Now, let's dish about the food. I've sampled an array of their veggie dishes, ranging from the Cobb Salad (bacon on the side), a welcome departure from the meat product adorned variety you oft see in your neighborhood deli; you know, the pile of cheese, meat, and fat masquerading as salad. Well, BL's actually is a salad. Another fave is the veggie bagel, topped with a dab of creme cheese, slices of fresh tomato and red onion, and a sprinkling of capers. Throw on a bit of BL's homemade hot sauce (I like to combine a bit of the habanero with the mild green chile) and you are ready to rock. It may not be the most creative offering on the menu, but it never fails to please me. Okay, I've basically sampled most of the vegetarian offerings, my most disappointing of which is the Red Flannel Hash, a combo of beets, poached eggs, and hollandaise. I was hoping this entree would not be beet, but, sadly, it could be. Based on the description on the menu, as well as my understanding of "hash," I was expecting about something of the shredded beet variety, flattened and fried into a patty of sorts. Alas, I was served a pile of cubed, boiled beet chunks topped with the other accoutrement. Enticing it was not. However, my disappointment with the beet hash has been remedied time and time again with one of my favorite breakfast dishes in the land, the Organic Tofu and Potatoes, a tasty combo of firm tofu and potato chunks sauteed with green onion and broccoli in light curry spices, topped with melted provolone and pico de gallo. I am not exaggerating when I say that I could devour this dish every day. It is decadent and satisfying, without the inevitable dirty feeling I experience following a typical greasy egg breakfast.

For all of you carnivores, I'd be doing you a disservice if I did not tip my hat to the Homemade Biscuits and Sausage Gravy as well as the Brooklyn Label Cheeseburger, both of which my meat and potato eating husband proclaims to be stellar. He does warn, however, that they inspire his digestive organs to accelerate into overdrive, so you should be stationed near a toilet within a half of consumption. "But," he says, "It's well worth it."

Tuesday, May 5, 2009

Childhood and Cheese Things

Perhaps the most ironic detail about my lifelong vegetarianism, a fact that I have shockingly failed to admit, is that when I was three-years-old, my family and I moved to Hyde Park, New York, so my father could train as a chef du cuisine at the Culinary Institute of America. Yes, a lifelong vegetarian grew up with a father who not only trained to butcher and prepare every non-vegetarian item possible, but he, himself, was also a vegetarian. Actually, by today's need to classify every nuance of non-meat eating status, he was a pescatarian. And now, oddly enough, after living in Europe for the past 18 years, he eats meat. That's another story altogether, though.

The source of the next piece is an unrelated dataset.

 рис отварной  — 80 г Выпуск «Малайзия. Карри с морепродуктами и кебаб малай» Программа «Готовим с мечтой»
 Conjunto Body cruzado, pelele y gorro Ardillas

I, myself, was also a pescatarian for a short stint. Until a chewy mussel that I ate at Legal Seafood in Boston sent me vomiting into the night. I didn't eat seafood again for twenty-five years. Even today, I can't handle much more than a crunchy beer battered fish and chip entree, with lots of tartar sauce, of course. The fish and chips are really just a vehicle for the condiments afterall. Have I mentioned that I have an affliction called condimentia?

In 1977, when I was five, my father graduated from the CIA and was offered a scholarship to a Hotel Restaurant Management program at Miami International University. And so it was that my parents and I moved to Coconut Grove, Miami, that Spanish became my second language, and that I attended an elementary where I was the white minority amongst my Cuban friends, Sylvia, Jesus, Mercedes, Angel, and Hector. My father worked twelve hour days as head chef at various restaurants, hotels, and country clubs in the Miami area. He prepared Superbowl breakfasts for the Cowboys and Steelers in the Superbowl in 1979 and cooked delicacies for The Eagles when their tour brought them to Miami a year later. After long hours on his feet fashioning filet mignon and adorning plates with mashed potato ribbons, he craved simple, yet satisfying food, which was not meat based. In those days, the last two criteria were mutually exclusive. No one thought that vegetarian food could be satisfying.

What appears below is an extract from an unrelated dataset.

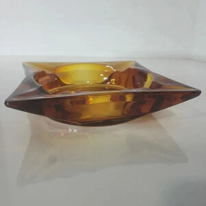 Vintage Libbey mid-century modern amber glass star ashtray . Good condition.

The answer? A little something my parents and I affectionately referred to as the Cheese Thing. What is a cheese thing, you ask? Simply put, the earliest versions consisted of a tortilla baked to delightful crispiness, topped with melted cheese, chopped tomatoes, and scallions, and then garnished with shredded iceberg lettuce and salsa.

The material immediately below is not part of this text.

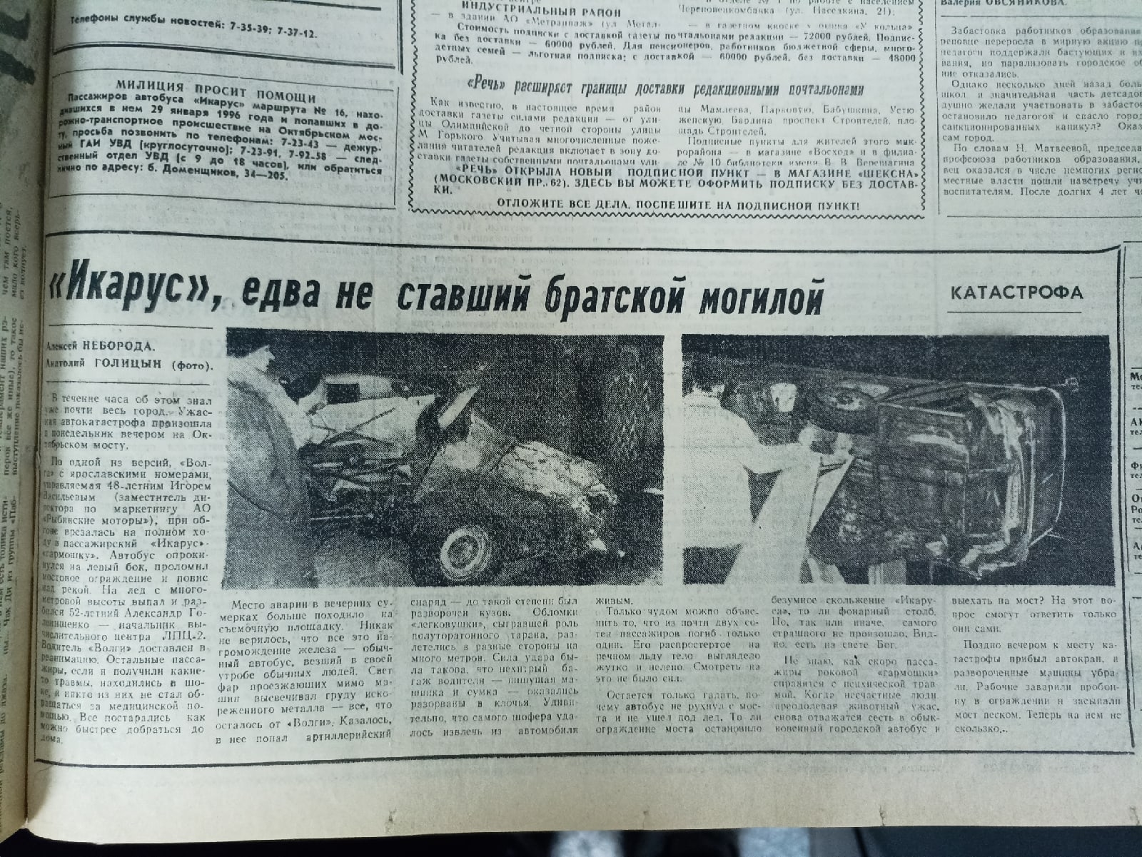 «Только чудом можно объяснить то, что из почти двух сотен пассажиров погиб только один, — сообщал корреспондент «Речи». — Его распростертое на речном льду тело выглядело жутко и нелепо. Смотреть на это не было сил. Остается только гадать, почему автобус не рухнул с моста и не ушел под лед. То ли ограждение моста остановило безумное скольжение «Икаруса», то ли фонарный столб».

Recently, I've been revisiting childhood favorites, such as the cheese thing and tabbouleh, for example, and had a little chat with my father to discuss these nostalgic noshes. He told me that he, too, still eats cheese things when hankering for a simple, flavorful fix. He also set me straight on the origin of the cheese thing, a birth that I was surprised to hear took place years before even I was born. In the late sixties and very early seventies, my father, still a young long-haired buck, like most hippies his age, traveled across the country and in and around the West Coast. My uncle Peter lived in Tucson, Arizona, at the time, so my father paid him a visit. In a state where the Mexican population and cultural influence was and is very high, it isn't a surprise that Peter was fashioning the Mexican inspired cheese thing left and right. Of course, this was at a time before every convenience store, specialty top, and grocery store chain, no matter the level of sophistication, offered ten dollar designer salsa choices in flavors ranging from raspberry chipotle, to green chile, black bean, and caramelized corn. In the early days, the cheese thing was simple: tortilla, cheese, tomato, scallion, lettuce, delicious. According to my father, as he and his brother continued to eat cheese things on a regular basis, they began to branch out, a foray that resulted in the eventual addition of a slathering of refried beans.

The cooking technique? At first, the boys would set their veggie laden tortillas under the broiler and pull them out as soon as the cheese melted. Eventually, however, they discovered that this technique left the tortilla itself soggy and (gasp) the rest of the vegetables undercooked. They then tried baking the cheese things in a toaster oven set to a high temperature. This crisped the bottom of the tortillas and cooked the other ingredients to perfection.

Eventually, after preparing cheese things for almost a decade, my father began to explore yet another technique. Note that I've adorned the method with some of my own editorializing, but where it is you shall never know. Heat a large skillet to medium-high. Lightly brush both sides of a tortilla with vegetable oil. Lay the tortilla in the skillet and pan roast until the bottom is golden brown. Flip over the tortilla, spread on a thin layer of beans, sprinkle on the cheese, tomatoes, and scallions, reduce the heat to moderate, cover for 5 to 10 minutes, allowing the cheese to melt and the veggies to heat up. Using a spatula, remove the cheese thing from the pan, garnish with iceberg lettuce and salsa, fold in half, and devour. The only drawback is that this method prevents the preparation of cheese things simultaneously. Today, when I make a cheese thing, I just throw on all of the ingredients except for the greens and salsa, toss it in an oven preheated to 425ยบ, and bake for 5 to 10 minutes. Voila.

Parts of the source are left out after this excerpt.